Data shown >>
-- Opening Marker --

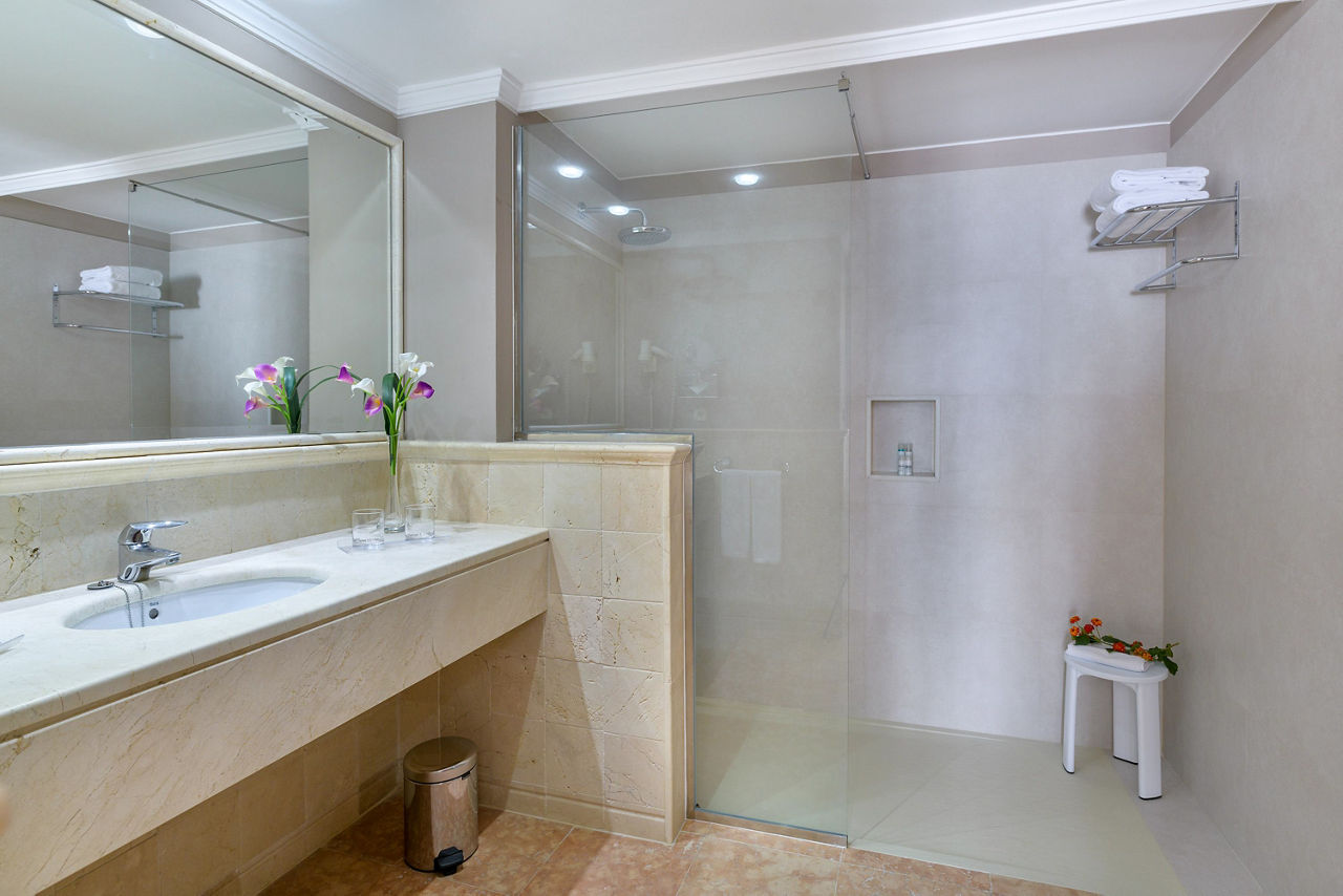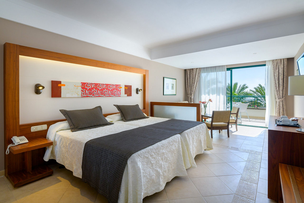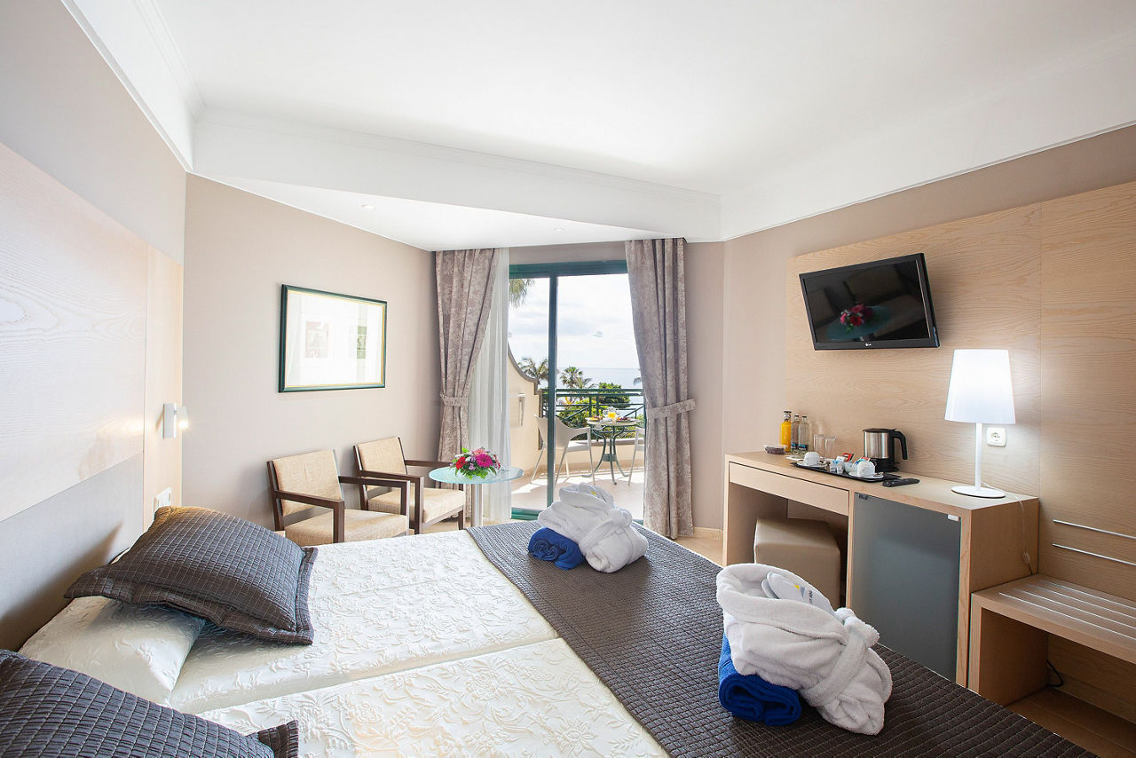 Double room's sleep up to 3 adults and have bathroom containing a shower, air conditioning, television, hairdryer, safety deposit box, bathrobe and slippers, Wi-Fi, and balcony or terrace. Upgrade options and Sole Use rooms are also available. All rooms contain orange juice and fruit on arrival and 2 bottles of water which are replenished every 3 days.
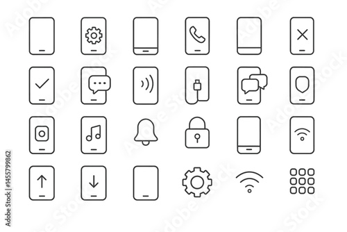 Mobile Interface Icons: A clean and modern collection of versatile mobile interface icons, ideal for various applications, conveying usability and user-friendly interaction.
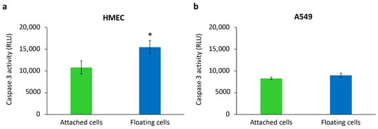Caspase-3 activation in (a) human mammary epithelial cells/HMECs and (b) A549 cells after culturing under adherent condition (attached cells) and non-adherent condition (floating cells) for 24 h. Data are reported as mean ± SD from three independent experiments, * p < 0.05 compared to the attached cells.
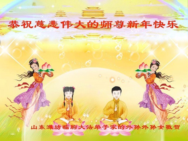 山东省潍坊市临朐县大法弟子的外孙、外孙女恭祝慈悲伟大的师尊新年快乐!
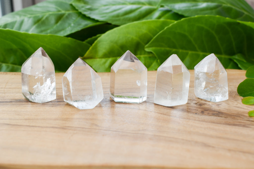 These are high quality, stunning clear quartz towers or standing points from Madagascar. The crystals are beautifully polished with beautiful clarity and small amounts of frosting in some of the points.
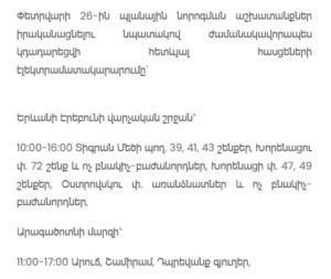 Electric Networks of Armenia has informed customers that, due to planned maintenance works, electricity supply will be temporarily suspended in several areas on February 26 and 27.
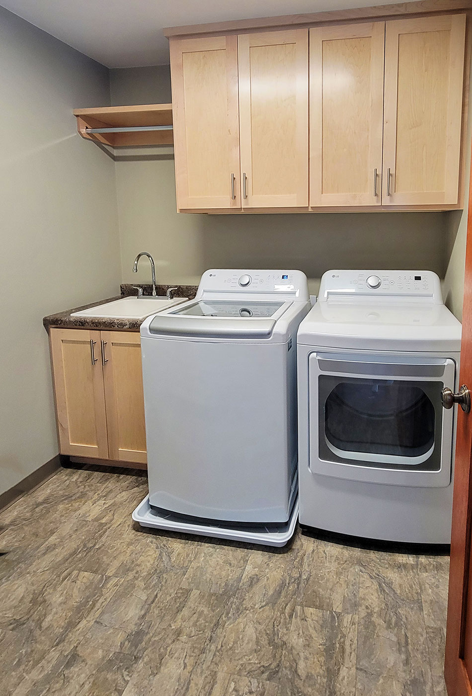 Dedicated laundry room with Mustee drop in utility sink, and maple upper cabinets

-- Closing Marker --

Directions >>
Take the material above from the line containing "山东省潍坊市临朐县大法弟子的外孙、外孙女恭祝慈悲伟大的师尊新年快乐!" up to and including the line containing "These are high" and retype it exactly, without any pictures.

Result >>
 山东省潍坊市临朐县大法弟子的外孙、外孙女恭祝慈悲伟大的师尊新年快乐!
 These are high quality, stunning clear quartz towers or standing points from Madagascar. The crystals are beautifully polished with beautiful clarity and small amounts of frosting in some of the points.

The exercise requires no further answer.